# Hunters traveling any of I-10



## Castaway2 (Aug 8, 2013)

So over the last couple years I have been wondering something. growing up hunting west Texas and hill country I remember always seeing Bucks in the back of trucks when returning home on Sundays. over the years it seems that this tradition ( if you want to call it that) has almost been completely done away with,, my question is why? when I shoot a Buck I love to display it for the others traveling as I have a since of pride for the kill weather it be a spike or a MUY Grande I am proud and will have him perched up in the bed for all to see!! It will be feeding my family and even better if it is a monster, and I believe if you aren't showing it then why did you shoot it.
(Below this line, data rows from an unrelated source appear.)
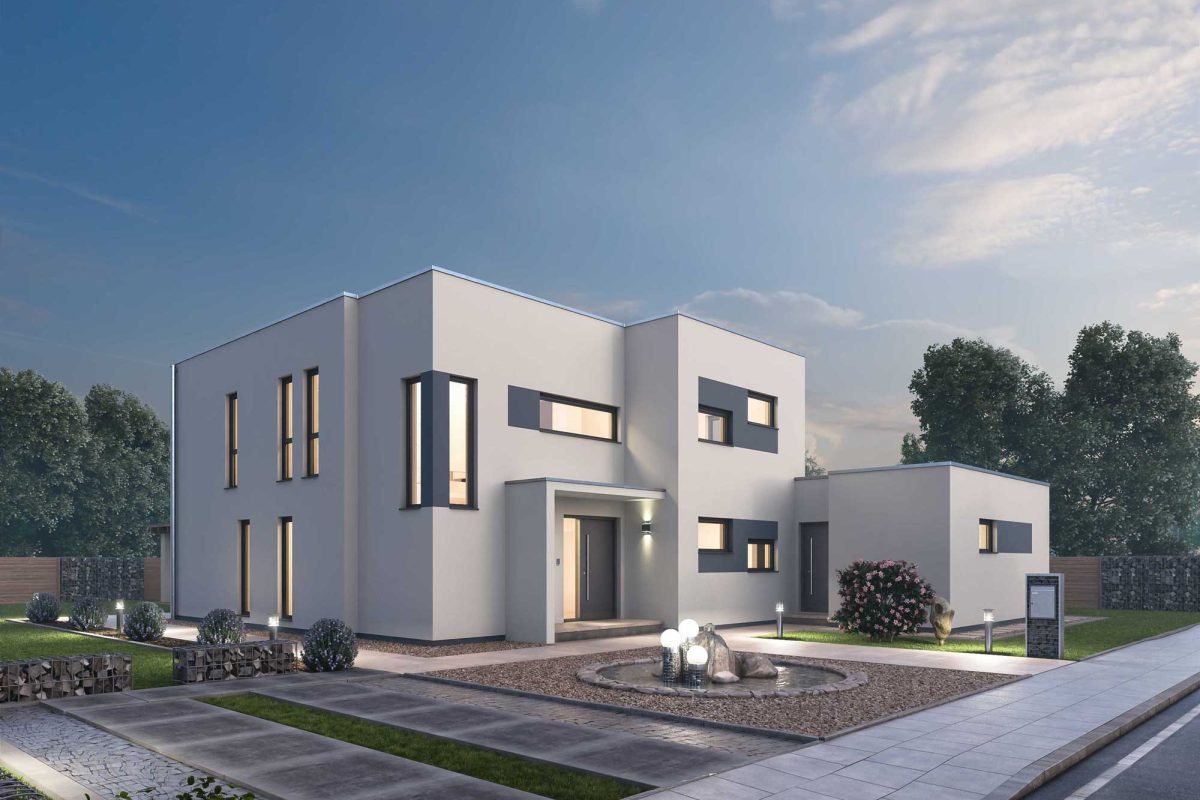 Das Mehrgenerationenhaus MGH 232 ist ein modernes Haus im Bauhausstil, das mit zwei abgeschlossenen Wohneinheiten in versetzt angeordneten Kuben geplant ist. Der Grundriss des MGH 232 basiert auf drei rechteckigen Kuben. Die Hauptwohnung erstreckt sich über zwei Kuben und bietet mit ihren rund 162 m² Wohnfläche Platz für die gesamte Familie. Die zweite Wohnung im dritten Kubus verfügt über rund 54 m² Wohnfläche und eignet sich aufgrund ihrer Lage im Erdgeschoss bestens für die Unterbringung der Großeltern, aber natürlich alternativ auch zur Vermietung an Singles oder Paare. Die schlichte Fassade besticht durch die über Eck angeordneten Fenster und die ansprechenden Fassadenrücksprünge. Die versetzte Anordnung der Kuben bietet viel Raum für eine außergewöhnliche Vorplatzgestaltung.
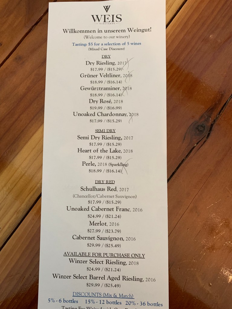 1) Weis: Brand new winery, probably my favorite of the trip – although I may be biased since I got to chat up the German owner/wine maker so the experience was as good as the wines on their own. Excellent Riesling and very good Gewürztraminer. The 2016 Barrel Aged Winzer Select was a contender for best of the trip. The Cab Franc was made in steel and came out very fruity. I left with a sparkling.
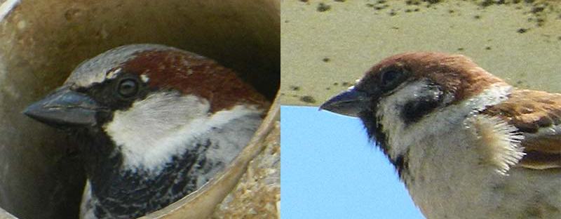 Fig 1. A la izquierda, gorrión común macho (Passer domesticus). A la derecha, gorrión molinero (Passer montanus)./ C. Pradera 05-2013
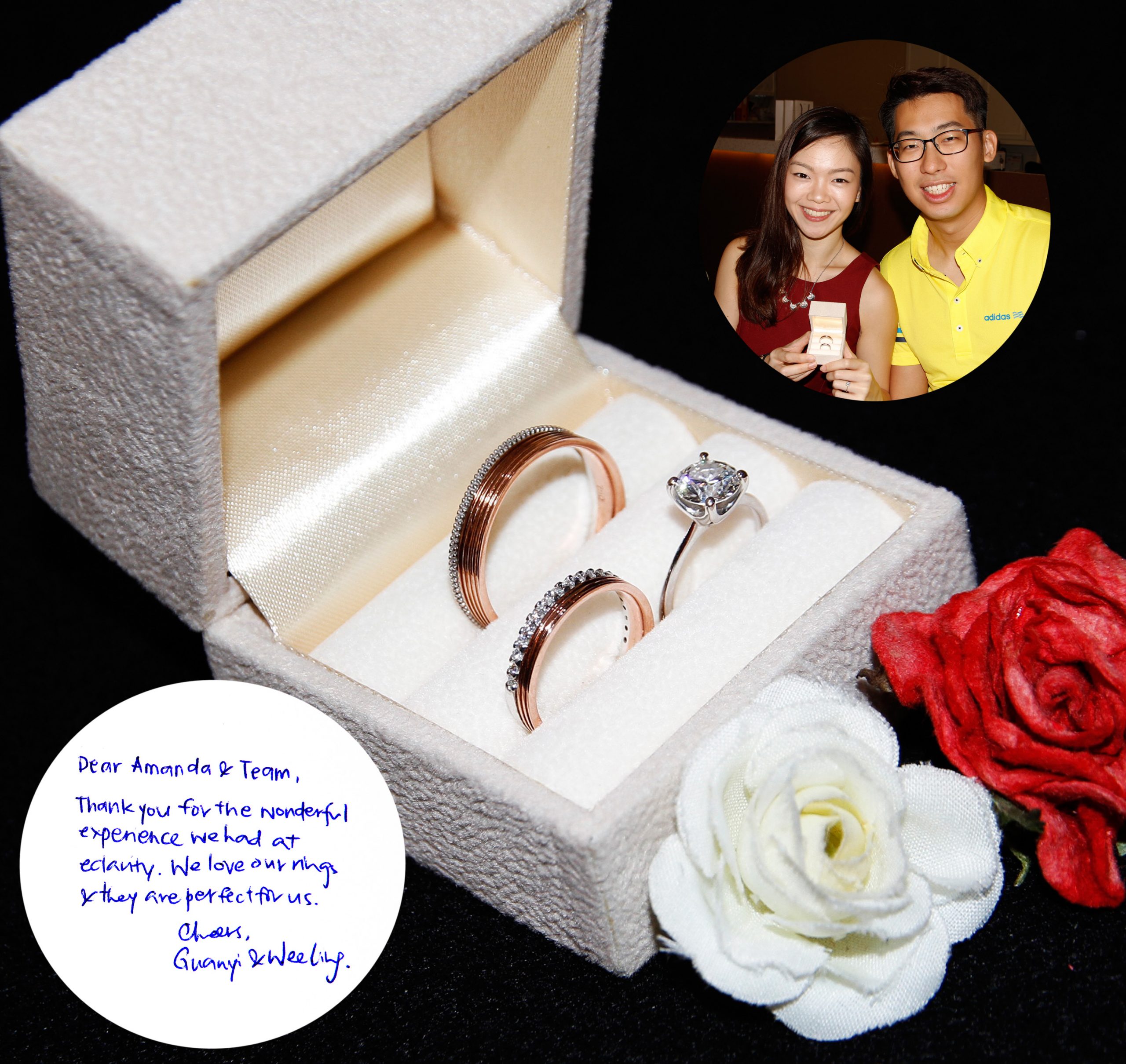“Dear Amanda & team, thank you for the wonderful experience we had at eClarity. We love our rings & they are perfect for us.” – Cheers, Guanyi & Wee Ling
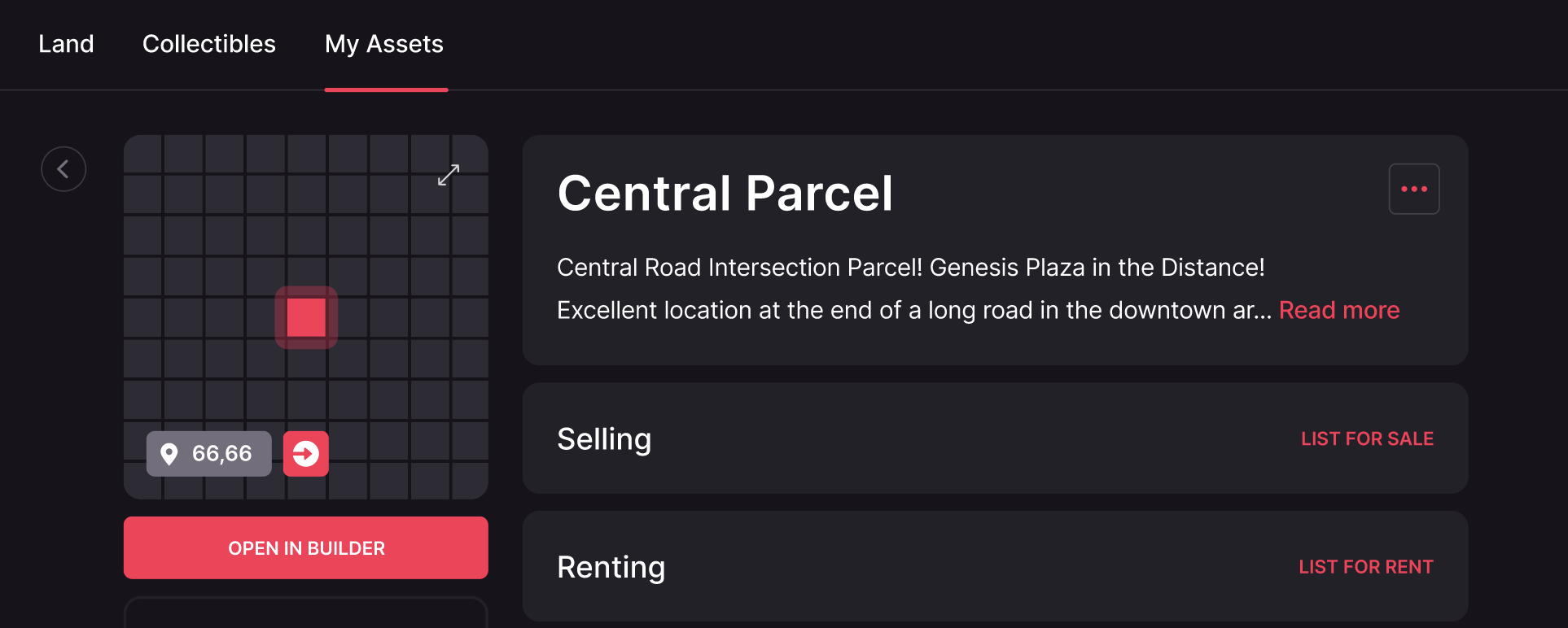 For instance, a DJ could find a cool plot of LAND, rent it and deploy a nightclub to play every Saturday. A University could rent an Estate and build a campus for its students.
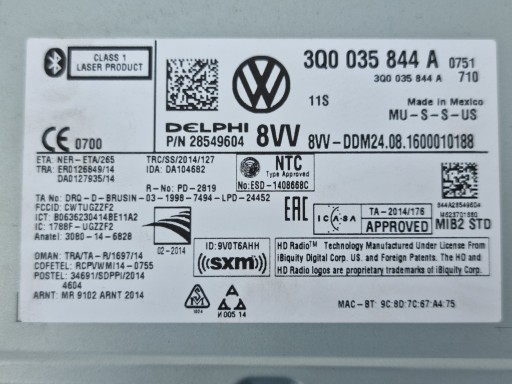 Модуль считывания VW Golf VII Радио Дисплей США
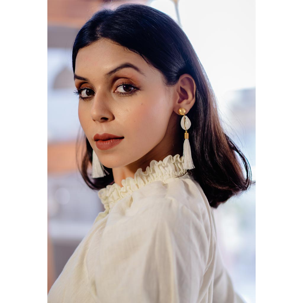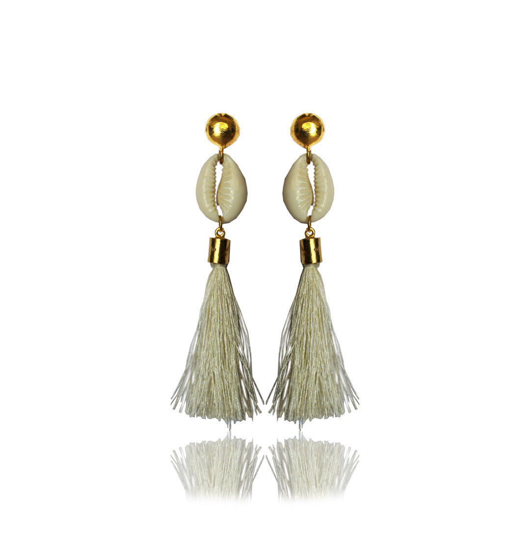 Summer Shell Tassels – Handcrafted summery earrings made using cowrie shells and thread tassels, statement making yet feather light in weight, perfect for a beach vacation.
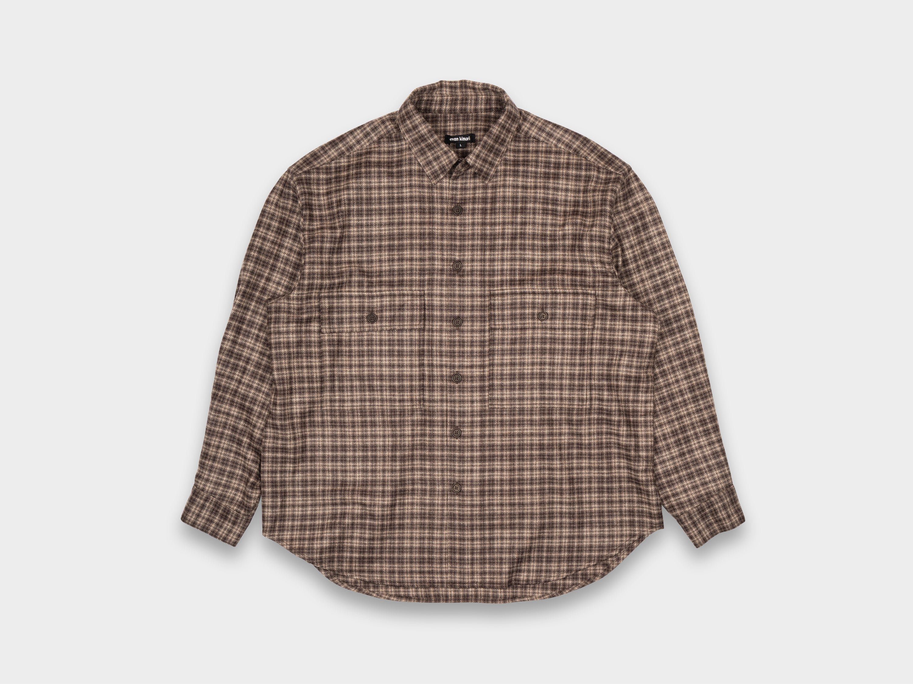 Evan Kinori Big Shirt Irish Wool Flannel Brown / Beige
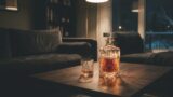 天然石のアイスキューブが入ったグラスが夜のテーブルに置かれている状態 お酒・ドリンク
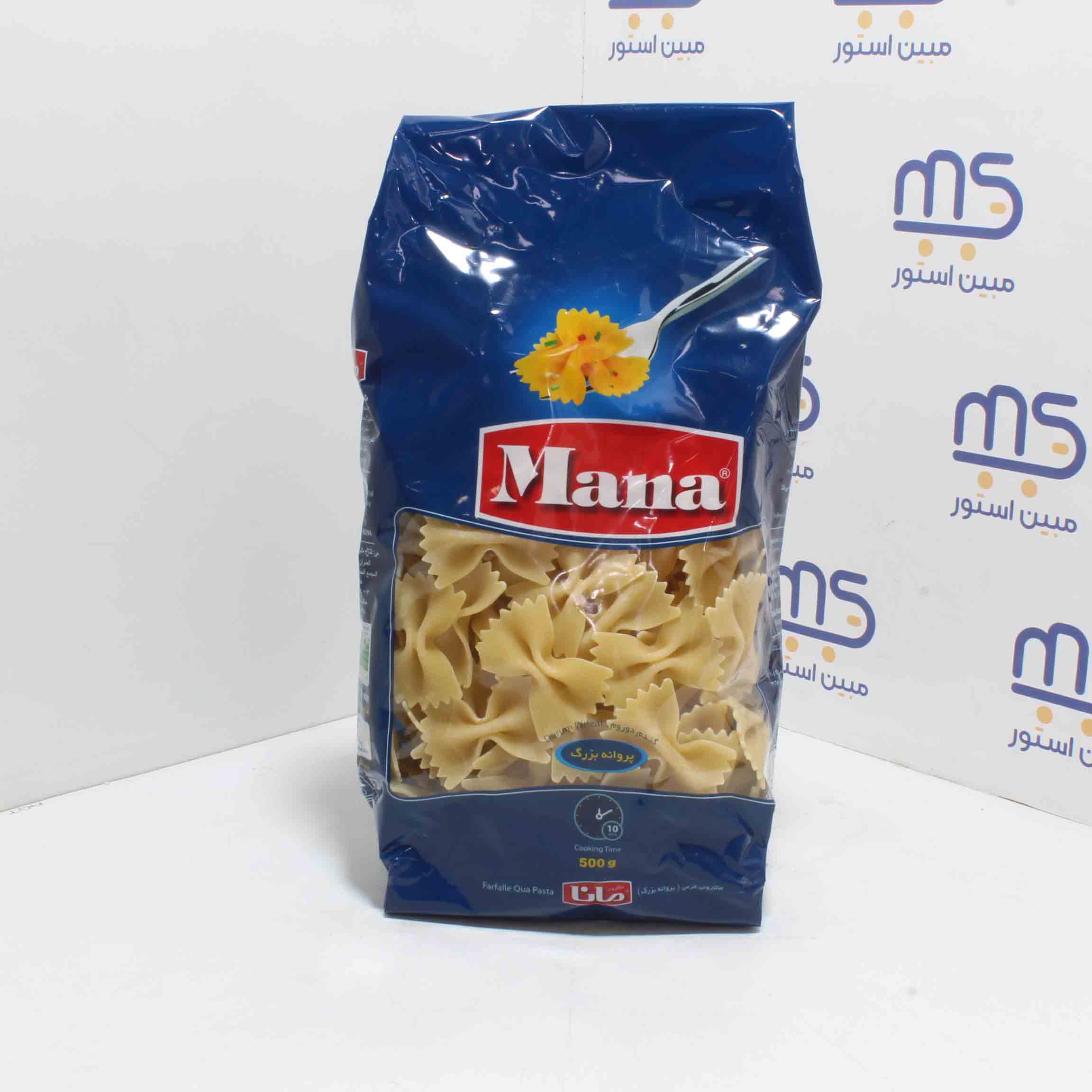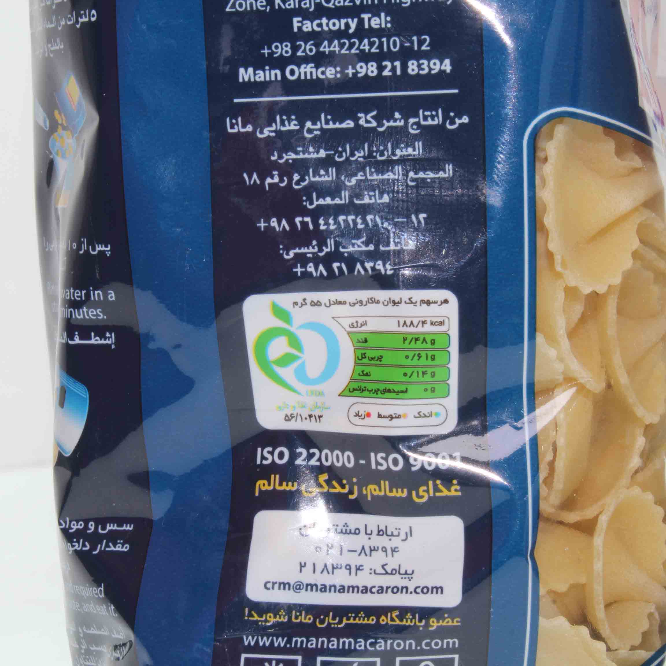قیمت خرید و مشخصات ماکارونی فرمی پروانه بزرگ مانا |ماکارونی فرمی پروانه بزرگ مانا 500 گرمی
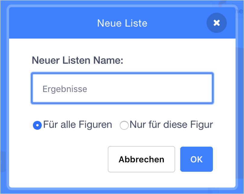 Eine Liste erstellst du in der Kategorie Variablen (orangerot). Dort klickst du auf die Schaltfläche "Neue Liste", gibst einen Namen für die neue Liste ein (Ergebnisse) und bestätigst mit "OK" die Auswahl "für alle Figuren".
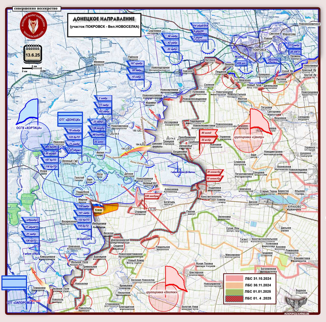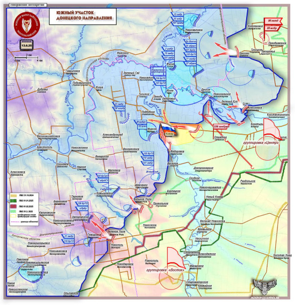 Южнее, в полосе ответственности группировки «Восток», ряд активных обеспечивающих направлений: Зеленое Поле - Запорожское и Зеленое Поле- Темировка.
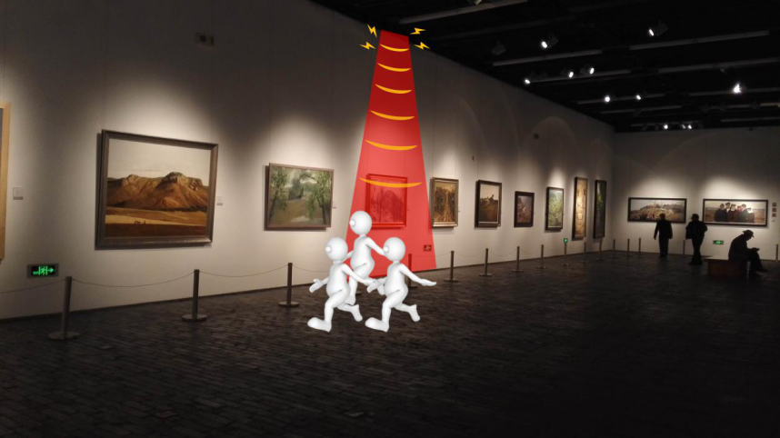 高清監(jiān)控?cái)z像頭、紅外探測(cè)器以及報(bào)警系統(tǒng)這些似乎是博物館等展館的安防標(biāo)配設(shè)備,很大程度上這些設(shè)備能夠在關(guān)鍵時(shí)刻發(fā)揮作用,及時(shí)探測(cè)到可疑人員的進(jìn)出、怪異的行為,實(shí)時(shí)記錄犯罪證據(jù),并向警方發(fā)布報(bào)警求助信息。這一連串的反應(yīng)在安防技術(shù)上已經(jīng)十分成熟,但是缺少了事中階段主動(dòng)防御的過程,很容易發(fā)生還未等到警方到達(dá)現(xiàn)場(chǎng)、犯罪嫌疑人已經(jīng)逃離的情況。在警方調(diào)查現(xiàn)場(chǎng)、查看記錄、追蹤追捕的時(shí)間里,很有可能造成藝術(shù)品被轉(zhuǎn)賣被破壞,增加展館的損失,也是人類文明的損失。

This used to be my favorite part of hunting trips just cruising home and seeing who got lucky and how much luck did they have. So far this the season I have not seen a single buck ( except mine ) in the bed of a truck and honestly I am quite disappointed I really look forward to it. so any opinions on why hardly anyone displays there kills anymore. could be PETA, don't want to draw attention or ? I know that I will forever display mine! hell back in they day before me they would tie to fenders and cruise home. SO maybe this is also a plea to all the hunters traveling any stretch of I-10 please display your kills as you should be proud of what you are bringing home to nourish your family. Here is a pic of this good ole boy heading home to the city!!! hope to see some goods ones in the coming weeks before the season ends. so what do y'all think the reason for the decline of displayed buck in the bed of trucks is? and Good luck on the rest of the season gents!!!!


----------



## WillieT (Aug 25, 2010)

I think it throws fuel on the fire for the tree huggers and antis.


----------



## boom! (Jul 10, 2004)

shaggydog said:


> I think it throws fuel on the fire for the tree huggers and antis.


So? Lol


----------



## sotexhookset (Jun 4, 2011)

F peta. 

Great 8 back there.


----------



## WillieT (Aug 25, 2010)

boom! said:


> So? Lol


It sure doesn't bother me, but he asked why it was happening. We used to strap them to the top of the station wagon when I was a kid.


----------



## Muddskipper (Dec 29, 2004)

I love road dirt mixed in with my chili .... The tire pieces are always a bonus

I'm not out to hunt to prove to others but that's just me

Isn't that what forums/ web boards are for.... Or are they just for flaming and popcorn eating now


----------



## strosfann (Jul 19, 2007)

I have a retrax system on my truck bed so I'm guilty of not showing off the goods as well but I haven't seen any racks in several trips to Uvalde and back this season. Hard to believe that all the guys towing Rangers/Mules etc. aren't shooting anything.


----------



## daddyeaux (Nov 18, 2007)

Hunters have learned how to properly handle the meat after the kill. Used to see them strapped across fenders of cars and trucks. Do you realize what you are doing to the meat when you do that. No wonder people didn't like venison because of the wild taste, or maybe it was the road taste.
We know to skin the meat and get it in a cool environment as soon as possible. Usually quartered up and on ice in an ice chest while being transported.
It has nothing to do with showing off your kill. If you want to hang the head and horns from your grill go for it, but put the meat in a cooler until it is processed.


----------



## Main Frame 8 (Mar 16, 2007)

I think more people leverage processors these days than processing their own deer. There's a lot of meat that you never see already packaged and frozen in a cooler when it makes it's trip home, not to mention what is quartered and iced down.


----------



## Flight Cancelled (Jul 7, 2010)

daddyeaux said:


> Hunters have learned how to properly handle the meat after the kill. Used to see them strapped across fenders of cars and trucks. Do you realize what you are doing to the meat when you do that. No wonder people didn't like venison because of the wild taste, or maybe it was the road taste.
> We know to skin the meat and get it in a cool environment as soon as possible. Usually quartered up and on ice in an ice chest while being transported.
> It has nothing to do with showing off your kill. If you want to hang the head and horns from your grill go for it, but put the meat in a cooler until it is processed.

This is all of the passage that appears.